А на улице действительно красота. Она наблюдает за тем, как Гриша, в одном свитере и джинсах, сняв куртку, разгребает снег лопатой. Не очень сложное занятие, но ведь это тоже надо уметь. И сил должно хватать. А у него это выходит так... красиво, что невозможно не любоваться.
В машину она больше не садится, просто проходит следом за въехавшей за забор "Тундрой".
Дом внутри производит впечатление. Но Григорий не дает ей рассмотреть, тянет на улицу.
- Пойдем, пруд тебе покажу, пока еще светло!
Идти приходится по колено в снегу, Гриша идет первым, утаптывая снег, иногда оборачиваясь и подавая ей руку. До пруда недалеко, а прямо за ним начинается уже лес - белый и совсем сказочный.
- Здесь пара выдр живет... или жила... теперь не знаю... Они забавные.
Голос его звучит задумчиво, даже грустно. Наверное, непросто ему возвращаться в то место, которое ему когда-то принадлежало. А теперь - нет. Зачем, интересно, они приехали именно сюда?
- Так и жил здесь один? - она пытается перевести разговор, отвлечь его от невеселых воспоминаний. - Не страшно? А вдруг не только выдры тут водились? Серый волк из лесу не выходил?
- Волк не приходил, - усмехается он. - А жил - да, один. Не страшно как-то.
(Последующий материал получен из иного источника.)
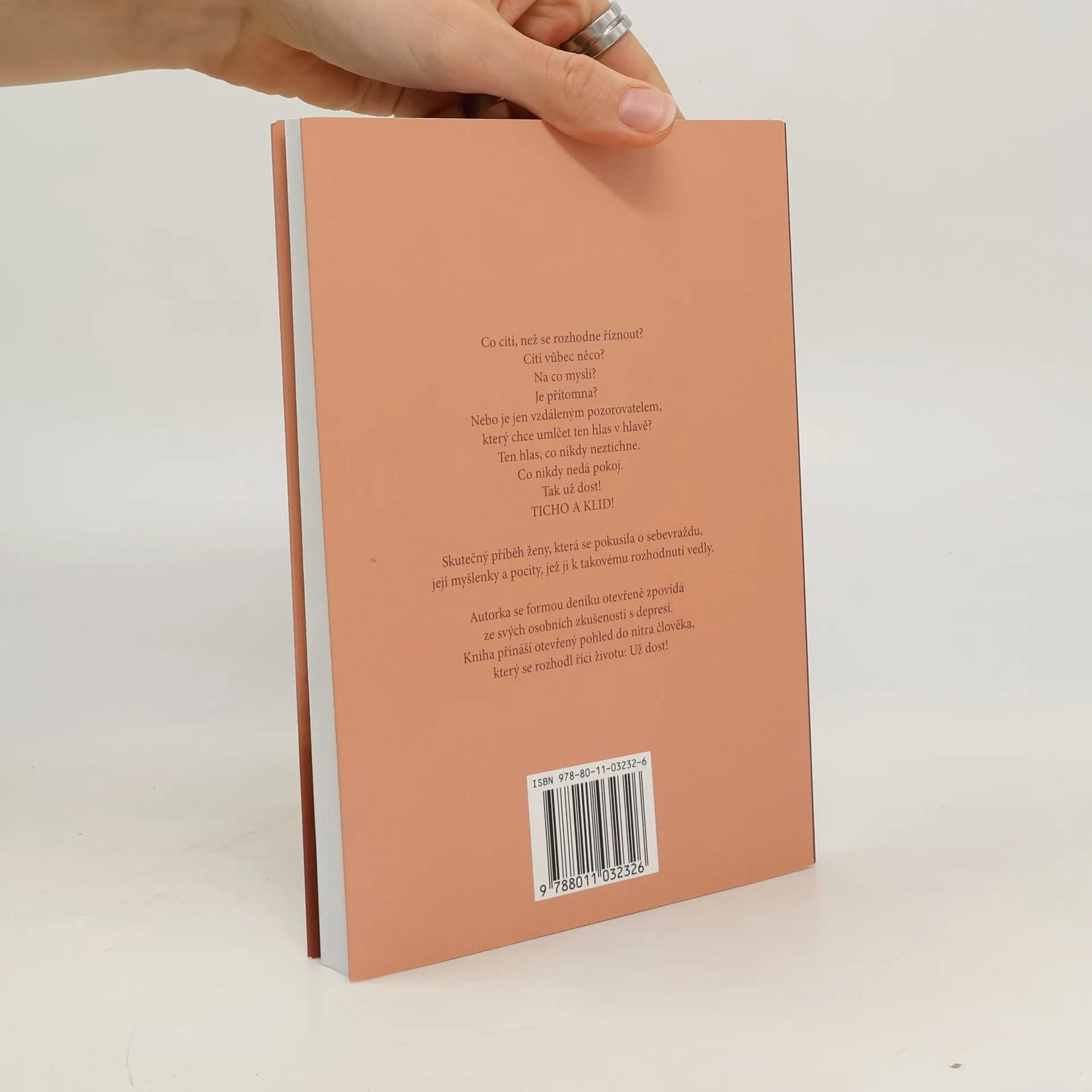 Skutečný příběh ženy, která se pokusila o sebevraždu, její myšlenky a pocity, jež ji k takovému rozhodnutí vedly. Autorka se formou deníku otevřeně zpovídá ze svých osobních zkušeností s depresí.Kniha přináší otevřený pohled do nitra člověka, který se rozhodl říci životu: Už dost!

- И не скучно? - она задает вопрос без задней мысли, но, прозвучав вслух, он кажется ей двусмысленным.
- Ну... не то, чтобы все время один, - он неожиданно серьезен и смотрит ей прямо в глаза. - Наезжали ко мне иногда.
- Да? - а ведь разговор явно с подтекстом, но остановиться она не может. - И где сейчас эти... наездницы?
- Сошли с дистанции.
- Что так?
- Но, если быть совсем точным... наездницу Георгий Александрович снял с соревнований. За нечестную игру.
- Гоша?!
- Угу. Слушай, Люсь, это длинная и непростая история. Я потом тебе как-нибудь расскажу, ладно? Просто, я сказать хотел... что на данный момент я один. В смысле...
Он замолкает. Неслучайно сказаны эти слова, совершенно неслучайно. Как реагировать, Людмила не знает, поэтому просто кивает. И снова меняет тему разговора.
- Ты... тебе хорошо здесь жилось?
- Наверное, - он пожимает плечами, глядя куда-то поверх пруда, в сторону леса. - Да какое "наверное", хорошо мне тут было, врать не буду.
- Жалеешь... о том, что теперь... все иначе?
- Отчасти. Хотя, - он переводит взгляд на нее, - знаешь, говорят, что настоящий мужчина должен сделать три вещи: построить дом, посадить дерево и воспитать сына. Деревьев я тут посадил несколько, вон кедр маленький, видишь? Это я сажал два года назад. А вот дом... Я его готовый купил, не строил. Так что... Наверное, все в жизни надо делать правильно. Может быть, успею еще... И дом построить. И остальное... - он замолкает, а потом спохватывается: - Люся, у тебя уже нос красный. Замерзла? Пошли в дом!
______________
Гриша привез с собой продукты и даже имел намерение приготовить ужин. Но когда Люся достала из сумки то, что ей насильно впихнули с собой: пакет, полный свежих пирогов и ватрушек, про все свои планы Григорий забыл. В итоге ужинал Гриша чаем с пирогами, а Люда, у которой что-то совсем неважно было в последнее время с аппетитом - нарезанным сыром трех сортов и фруктами. Очень даже вкусно. А потом они в компании бутылки красного вина перебрались на диван перед камином. Живой огонь завораживает, вино терпко тает на языке, и рядом звучит его голос... Он рассказывает о каких-то простых бытовых вещах: о том, как поначалу дымил вот этот самый камин, и пришлось разбирать часть крыши и перекладывать дымоход. Или о том, что именно из предметов интерьера покупал еще он, а что уже дело рук жены нового хозяина дома. Но постепенно голос его становится все тише, а паузы в разговоре - все ощутимей. А потом он и вовсе замолкает.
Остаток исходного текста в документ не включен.